On the same day he informed the heads of the main departments, Lorenz, Heydrich, and Pancke as well as Greifelt and the Reich Governors, Artur Greiser and Wilhelm Forster, of his views:

I envisage the [ethnic German] population of Riga forming the clan basis for the cities of Gotenhafen [Gdynia] and Posen [Poznań]. The urban population of Dorpat [Tartu] and Reval [Talinn] can be deployed in the same way. The selection of the population will be carried out by the chief of the security police in agreement with SS Obergruppenführer Lorenz. In order to settle Germans in those cities it will be essential to expel the Poles and clear their dwellings. Members of the Polish intelligentsia should be the first to be expelled.
29

 

On 24 October Himmler visited Arthur Greiser, recently appointed Reich Governor in Posen.
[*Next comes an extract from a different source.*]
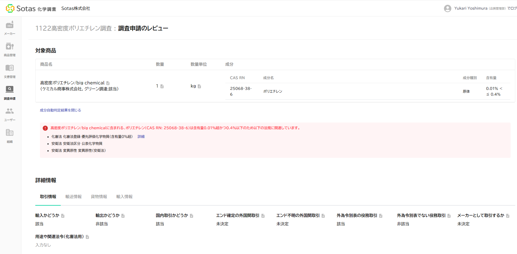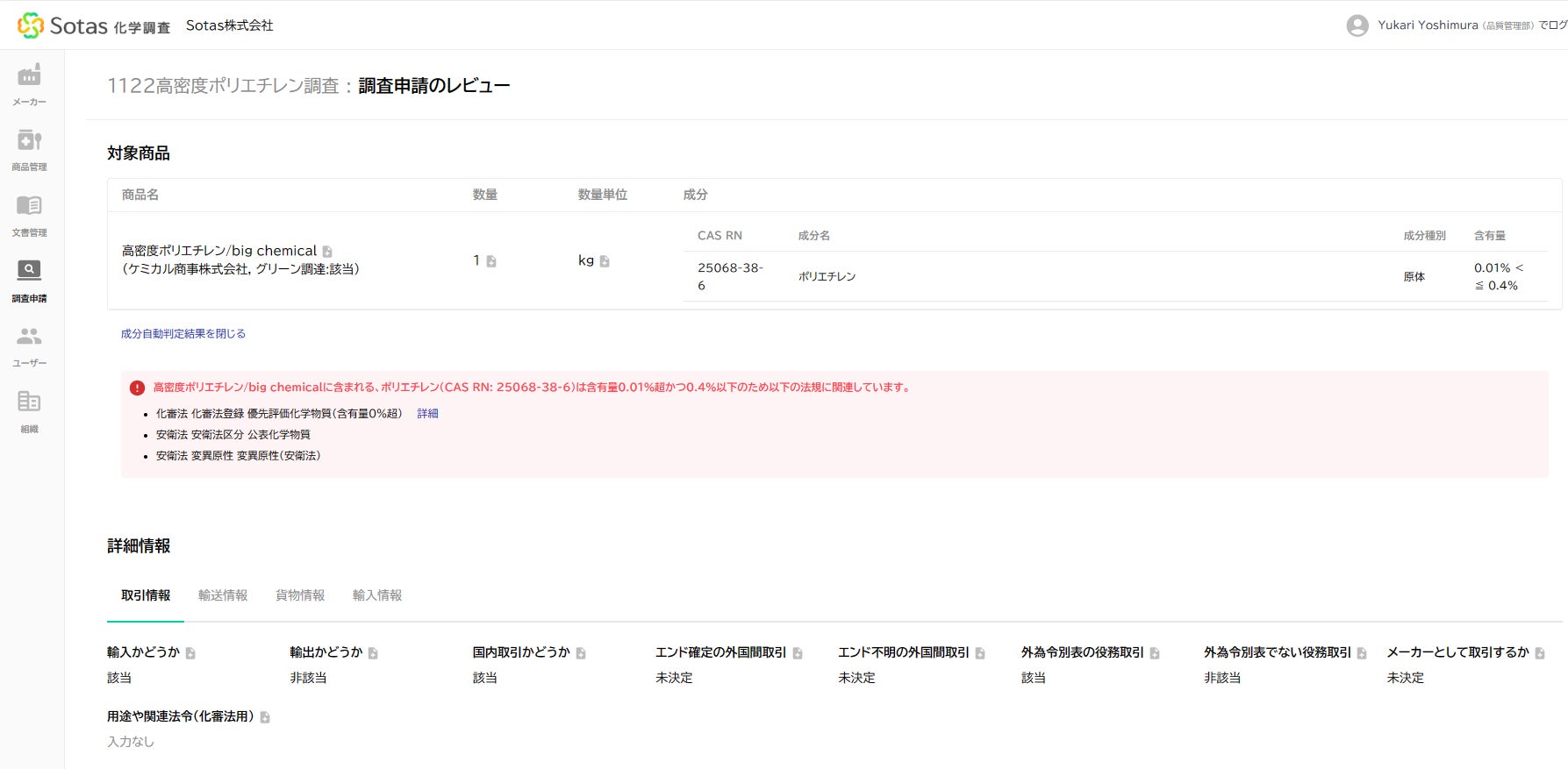 「Sotas化学調査」は、社内の化学調査を簡便にするシステムです。あらかじめ該非判定に必要な物性情報と成分情報を登録しておくことで、調査を依頼する申請者によって、調査対象となる商品の登録時または承認者のレビュー時に自動判定を行い、該当法規に関してアラート表示することで、通知義務の徹底を手助けしてくれます。

In the evening he spoke about settlement plans in the club of the civil administration. To begin with, he tried to elucidate the historical dimension of settlement:

As early as 3,000 years ago and during the following period Teutons lived in the eastern provinces in which we now find ourselves. Despite the poor transport conditions of those days and the other primitive conditions that existed, it was possible to settle Germans. These ancient German settlements have more or less survived racially to the present day in closed communities and as islands, even if in some cases they no longer speak the language. What was possible then must be even more feasible today.

 

Himmler explained the ‘concept of the military peasant’, for whose creation concrete preparations had already been made: ‘It involves, among other things, the compulsory saving that I introduced into the SS. An SS man, who in due course saves 2,000 to 3,000 Reich marks, has thereby laid the foundation for a settlement. The brickworks and stone quarries that I have established were begun with the aim of providing the basis for future peasant settlements.’ With his penchant for going into detail, Himmler explained to his audience how he envisaged the life of the future settlers:

The settlements that I envisage should not be built of clay, with walls one course of stone thick, but rather we should build houses as in the old days, two or three stone courses thick and with good foundations. We don’t need to buy the land for settlement; settlement land already exists [ . . . ]. Polish workers must provide the cheap labour for settlement and for ploughing the fields. [ . . . ] The Germans will always provide the leadership for everything; the Poles will do the dirty work.